During the procedure for registering a change of director general, the question often arises when determining the applicant authorized to sign the application for registration of a change of director and submit documents for registration. Who is the applicant when changing the CEO? Should the new director apply or does his predecessor do so? The answer to this question is contained in the letter of the Federal Tax Service dated March 16, 2021 No. GD-4-14/4301, which states that the application for amendments is submitted by the new director of the organization.
To certify signatures on applications, the notary must provide constituent documents, LLC registration certificates, a decision (protocol) on the appointment of a new manager and a current list of company participants. In addition, when signing applications from a notary, it is necessary to present the applicant’s passport (original) and pay the notary fee (about 3,000 rubles per application).

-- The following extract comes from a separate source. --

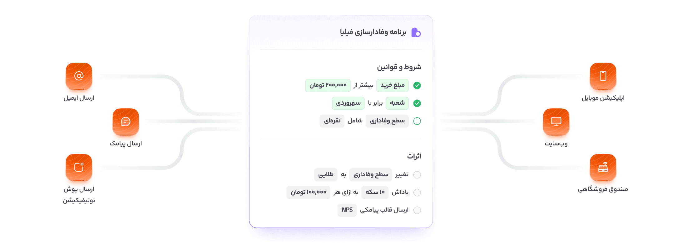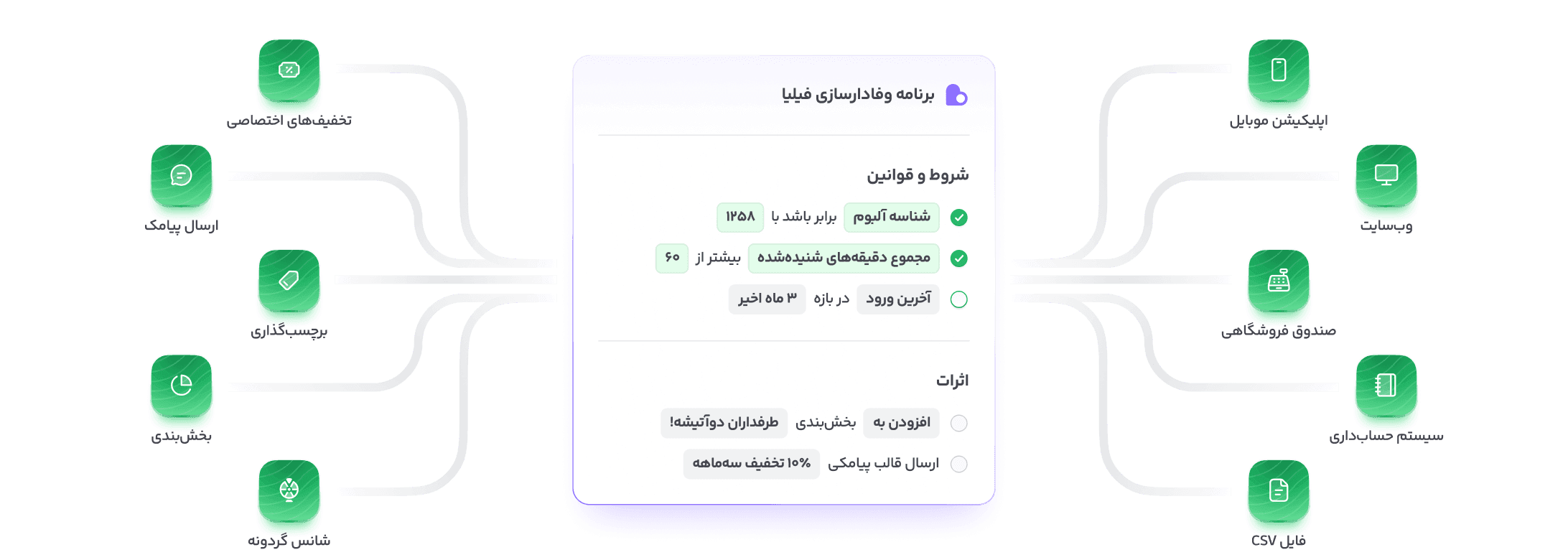 فیلیا بهعنوان هسته اصلی وفاداری شما، تمام نقاط تماس با مشتری را در یک بستر واحد گرد هم میآورد. این یکپارچگی باعث میشود برنامهی وفاداریتان در همهی کانالها بهصورت یکدست اجرا شود.

Step 5. Submit an application on Form P13014 to the registration authority within 3 working days from the date of the decision to change the director
By submitting an application for registration of changes in the Unified State Register of Legal Entities, you notify the tax authority of the change of general director. When submitting an application to register a change of director, you can attach the minutes of the general meeting (decision of the sole participant or decision of the board of directors) to the application, but this is not necessary; the law does not require it. Please note that in order to change the director in an LLC, an application for registration of changes must be submitted to the registration authority, and not to your tax office at the place of registration, if they are different (for example, in Moscow the registration authority is MIFTS No. 46). If a change of director is registered in an NPO. then the documents are submitted to the Ministry of Justice.
The deadline for notifying the tax office about a change in the general director of an LLC or other company is 3 business days from the date the decision on the change is made. In case of failure to notify the tax office or violation of the deadline for notifying the tax office of a change of director, the law provides for administrative liability in the form of a fine in the amount of 5 thousand to 10 thousand rubles.
The state fee for making changes to the Unified State Register of Legal Entities in connection with a change of director is not paid.
The methods for submitting documents to register a change of director of an LLC may be different. Choose one of the options:
- by directly contacting the registration authority
- through the MFC - you should find out about the possibility of applying at a specific MFC
- by postal item with declared value upon forwarding with a list of attachments
- through the Unified Portal of State Services or through the Internet service of the Federal Tax Service of Russia - when submitting documents in electronic form. In this case, the documents must be certified with an enhanced qualified electronic signature
- through a notary only if the applicant personally contacts him for a fee.
When submitting documents, the applicant or his representative is given (sent by mail or e-mail) a receipt indicating, among other things, the date of receipt of the documents based on the results of registration. The progress of registration can also be tracked on the Federal Tax Service website.
Step 6. Receive an extract on amendments to the Unified State Register of Legal Entities
The deadline for registering a change of general director in the Unified State Register of Legal Entities is 5 working days. However, if the procedure for re-registering the general director in an LLC or JSC is carried out taking into account the formal requirements when convening a meeting (in case of disagreements between the founders), then the total period for changing the director may take more than 35 days for an LLC (more than 55 days for a JSC).
This extract confirms the completion of the procedure for registering a change of director of a legal entity.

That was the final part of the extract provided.